9. The computing system of claim 8, wherein the target includes at least one of:

a declaration of the symbol;

a definition of the symbol;

a definition of a type of the symbol;

a definition of a routine signature of the symbol;

an implementation of a routine of the symbol;

a reference to the symbol;

a multi-member list of all references to the symbol found in the project;

a caller of the symbol;

a callee of the symbol;

a multi-member list of all callers of the symbol found in the project; or

a multi-member list of all callees of the symbol found in the project.

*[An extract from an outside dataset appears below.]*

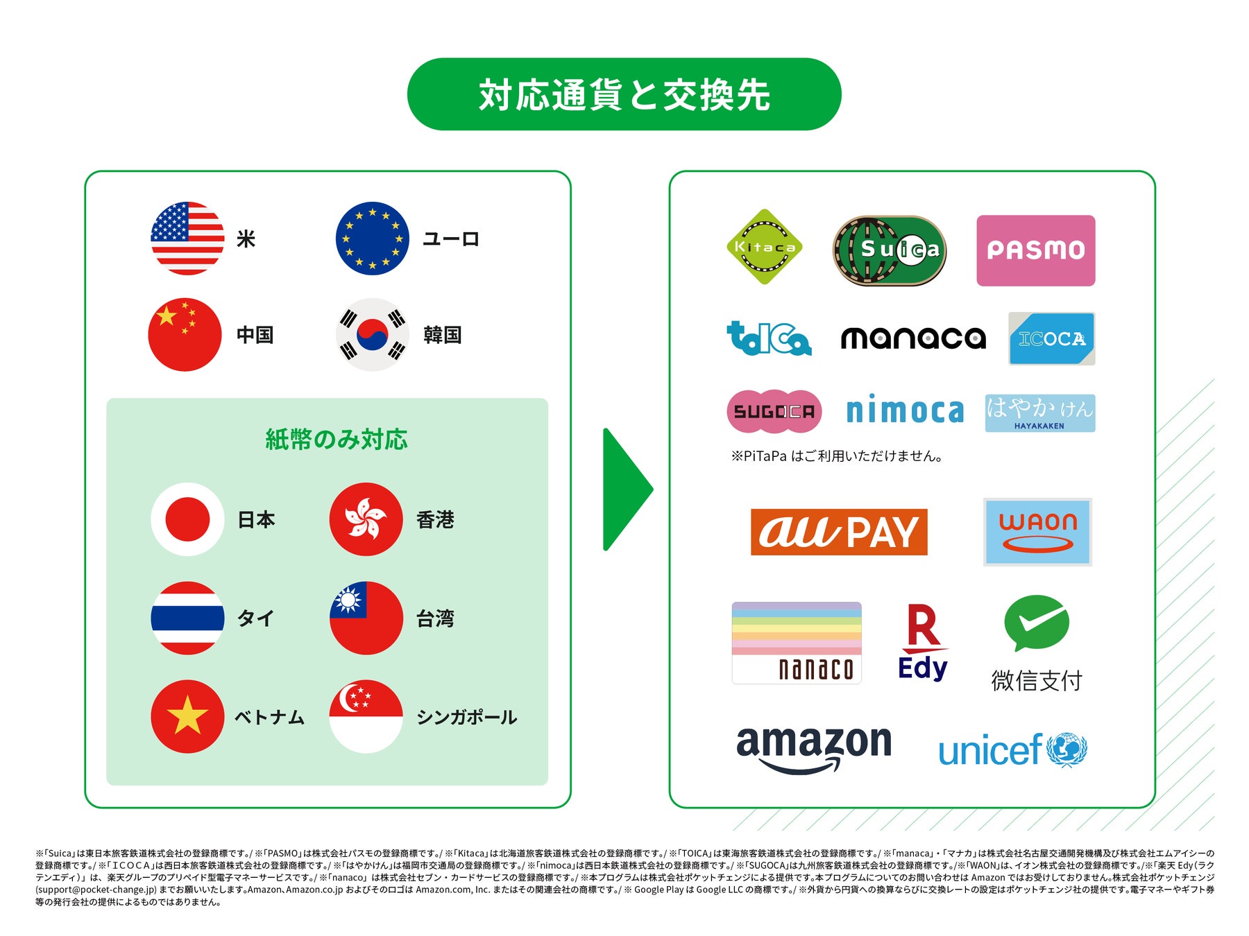 海外旅行から日本に帰って来た途端に使い道がなくなってしまう外貨をPocket Changeで電子マネーやギフトコードに交換することで、日本でのお買い物や交通費としてご利用いただくことが可能です。

10. The computing system of claim 8, wherein the target location is in at least one of:

a non-comment portion in a source code in the codebase of the project;

a set of globally defined symbols in the project;

a set of programming language built-in symbols;

a header file in a source code in the codebase of the project;

a symbol definition file in a source code in the codebase of the project;

an executable generated at least in part from the codebase of the project;

a different snippet obtained via an interface to an artificial intelligence 20 agent prior to receiving the selection of the symbol; or

a debugger information file.

11. The computing system of claim 8, wherein the snippet containing the symbol resides in the agent interface, and the target location is outside the agent interface.

12. The computing system of claim 8, wherein the snippet containing the symbol is a first snippet, the first snippet resides in the agent interface, and the target location is in a second snippet which also resides in the agent interface.

13. The computing system of claim 8, wherein the snippet containing the symbol resides in a chat view in a user interface of the software development tool.

14. The computing system of claim 8, wherein the snippet containing the symbol resides in a source code editor user interface of the software development tool.

15. The computing system of claim 8, wherein the target includes an instance of a name of the symbol.

16. A computer-readable storage device configured with data and instructions which upon execution by a processor perform a software development method in a workspace of a project in a computing system, the project having a codebase, the method comprising automatically:

receiving, via a user interface of a software development tool, a selection of a symbol, the symbol contained in a snippet of source code, the snippet situated inside the workspace but outside the codebase;

finding a location of a target, the location outside the snippet and inside the workspace, the target related to the symbol by a relationship comprising at least one of: a declaration, a definition, a routine implementation, a reference to the symbol, a caller of the symbol, or a callee of the symbol, a data type, a routine signature, a routine result type, a routine parameter name, a routine parameter type; and

utilizing the location of the target in the software development tool.

17. The computer-readable storage device of claim 16, wherein utilizing the location of the target in the software development tool comprises at least one of:

displaying, in the user interface, type information related to the symbol; or

semantically highlighting, in the user interface, a portion of source code which contains the symbol.

18. The computer-readable storage device of claim 16, wherein utilizing the location of the target in the software development tool comprises at least one of:

providing, in the user interface, an edit suggestion for a source code which contains the symbol; or

providing, in the user interface, an autocompletion list for a source code which contains the symbol.

19. The computer-readable storage device of claim 16, wherein utilizing the location of the target in the software development tool comprises at least one of:

furnishing the codebase with a piece of source code which contains a definition of the symbol; or

furnishing the codebase with a source code statement to import a definition of the symbol.

20. The computer-readable storage device of claim 16, wherein the software development tool comprises a debugger, the target comprises a variable, and utilizing the location of the target in the software development tool comprises displaying, in the user interface in the debugger, a current value of the variable.